A Man Imagined è un ritratto intimo e doloroso di Lloyd, clochard affetto da schizofrenia, che tra realtà e immaginazione racconta la propria vita fin dall’infanzia.
Il documentario, scritto e diretto da Melanie Shatzk e Brian Cassidy, è un’opera audace che va oltre le convenzioni del documentario tradizionale per esplorare il racconto umano in modo evocativo e poetico. Lloyd è un sessantasettenne che vive tra i detriti urbani decadenti di Montréal, sopravvivendo a inverni rigidi ed estati afose. Le sue continue psicosi collocano il racconto tra il concreto e il fantastico, cosa che porta lo spettatore a non sapere mai effettivamente se si trova ad assistere al racconto dell’infanzia di Lloyd o a qualcosa che ha solo immaginato di aver vissuto. La confusione è accentuata dalla struttura non lineare della narrazione, che sfrutta frammenti di immagini e di suoni, per immergere lo spettatore in un mondo enigmatico e talvolta surreale.
«Si è avvicinato a noi, incuriosito dalla nostra macchina da presa e […] possedeva un’aura quasi biblica, inconfondibile, e un bisogno, seppur nascosto, di essere visto». In un’intervista, Shatzky e Cassidy hanno ribadito il concetto che lo stesso Lloyd esplicita più volte nel documentario: la sua necessità di essere visto, di non sentirsi un fantasma. Da questa sensazione scaturisce il suo bisogno di parlare, non importa con chi: che sia agli automobilisti per strada o ai passanti Lloyd si racconta con il pretesto di elemosinare qualche spicciolo e ringrazia i propri interlocutori per averlo ascoltato. L’attenzione, quindi, non è focalizzata tanto sulla storia del protagonista, quanto sulla sua spiritualità, vulnerabilità e complessità.
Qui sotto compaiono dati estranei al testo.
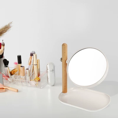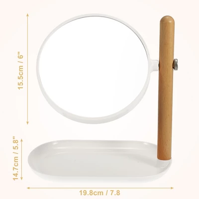 - Mirror size: diameter 6 inch, total height: 8.5 inch, tray size:7.8 x 5.8 inch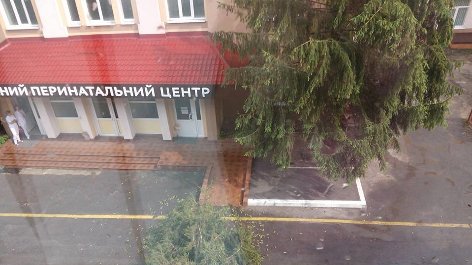 Блискавка влучила в ялинку поряд з пологовим будинком у Тернополі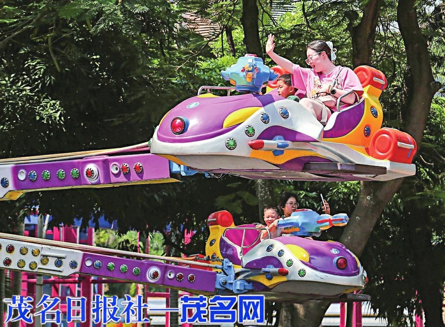 在新湖公园游乐场,游园的市民玩得十分开心。茂名日报社全媒体记者 岑稳 摄
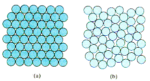 shows the structure of two condensed phases, (a) is a solid and (b) a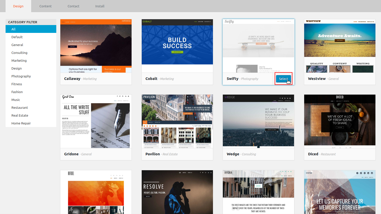 You can scroll to browse the many Inspirations available to install. You can also click on an Inspiration to view a larger preview. Either way, once you find your favorite one, click on the Select button to proceed.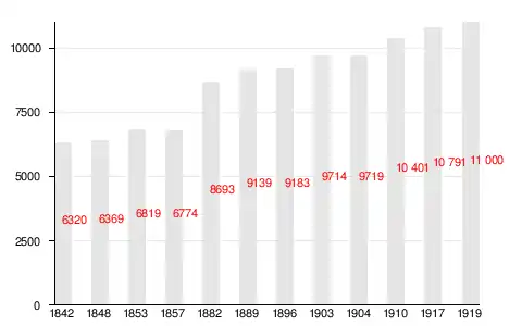 Изменение численности прихожан с 1842 по 1919 год[8][9][10]: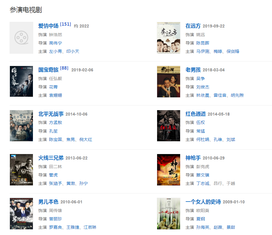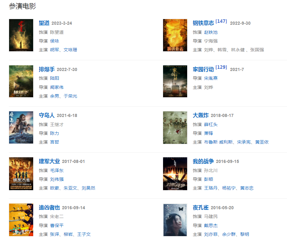 代表作品:藍宇、血色浪漫、拿什么拯救你,我的愛人、那山那人那狗、北平無戰(zhàn)事、硬漢、美人草、追兇者也、建軍大業(yè)、建黨偉業(yè)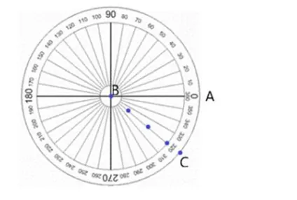 - Place the centre of the protractor at B and the baseline of the protractor along the arm BA.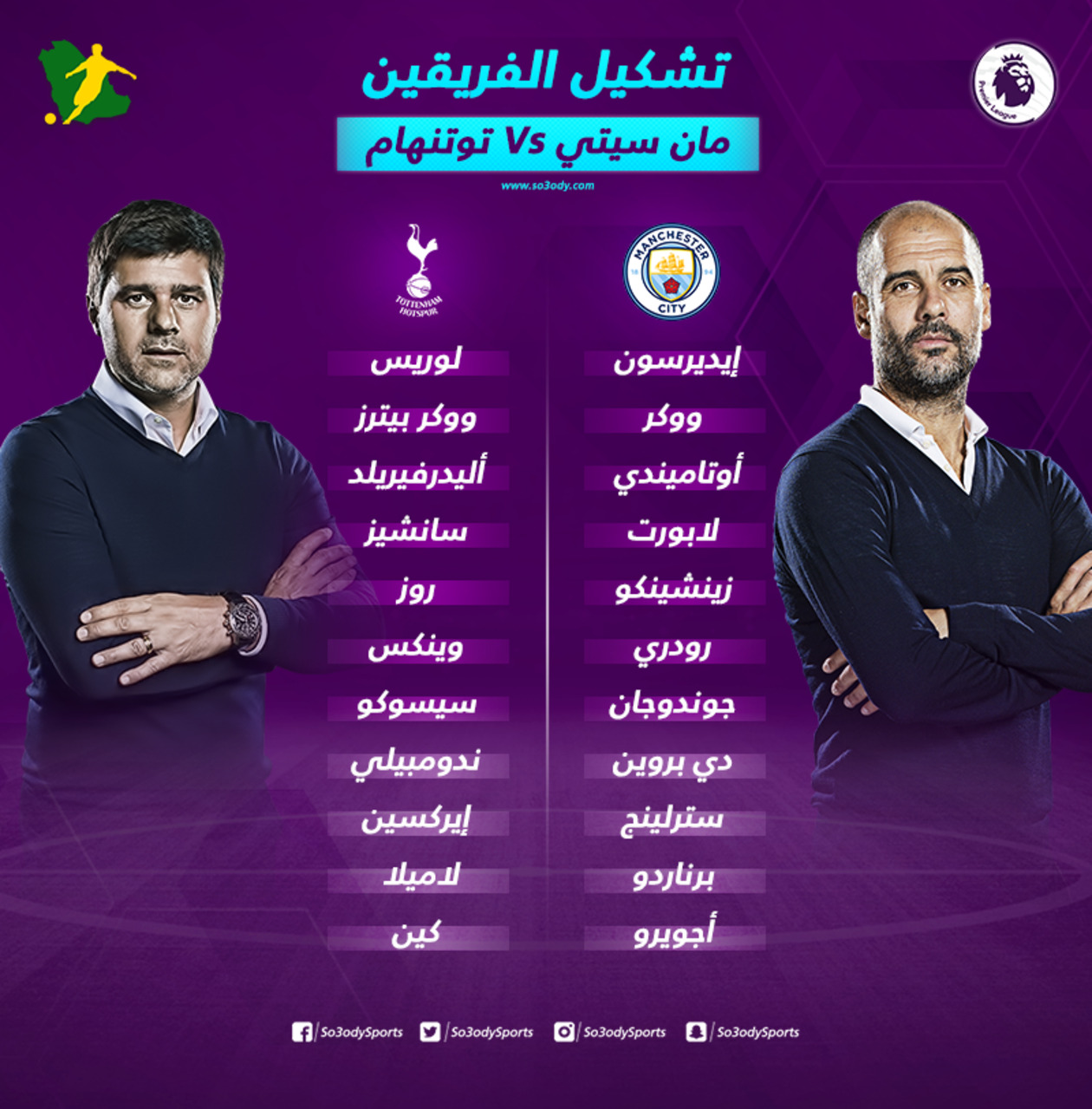 ويغيب عن تشكيلة السيتي المدافع جون ستونز، فيما يعود للمشاركة أساسياً الثنائي الذي لم يبدأ المباراة الأولى برناردو سيلفا وسيرجيو أجويرو.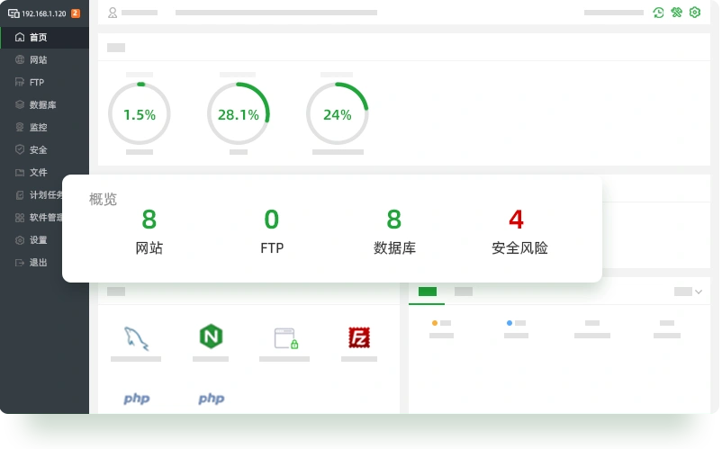 2分鐘裝好面板(ban),一鍵管理服務(wu)器(qi) 集(ji)成LAMP/LNMP環(huan)境(jing)安裝,網站、FTP、數(shu)據(ju)庫、文件管理、軟件安裝等功能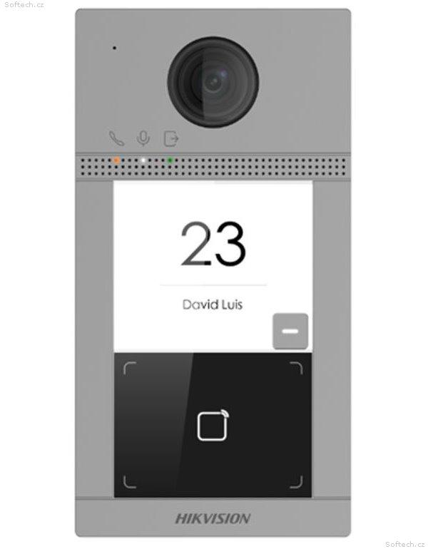 Hikvision IP dveřní interkom s jedním tlačítkem, mikrofonem a reproduktorem pro obousměrnou komunikaci, 2MP kamerou s IR přísvícením, čtečkou karet a čipů s technologií Mifare (13.56MHz), slotem pro microSD karty do kapacity až 128GB, IP65 krytí a ochranou proti vandalům IK08. Interkom neumí napájet dveřní zámky, umí je pouze ovládat pomocí relé.

La fotografia luminosa, quasi scintillante, sembra voler sottolineare da un lato l’ambiente in cui il Lloyd, e non solo lui, si trova a vivere, mentre dall’altro il senso di alienazione che pervade il film. È una fotografia altamente stilizzata e ogni inquadratura sembra un quadro che gioca con luci ed ombre, con i primi piani di fiori e insetti che appaiono splendenti, quasi eccessivamente saturati. Infine, i suoni ambientali – il vento, il pavimento scricchiolante o il rumore delle automobili – e la colonna sonora minimalista amplificano la dimensione emotiva del racconto, assolutamente originale quanto visionario.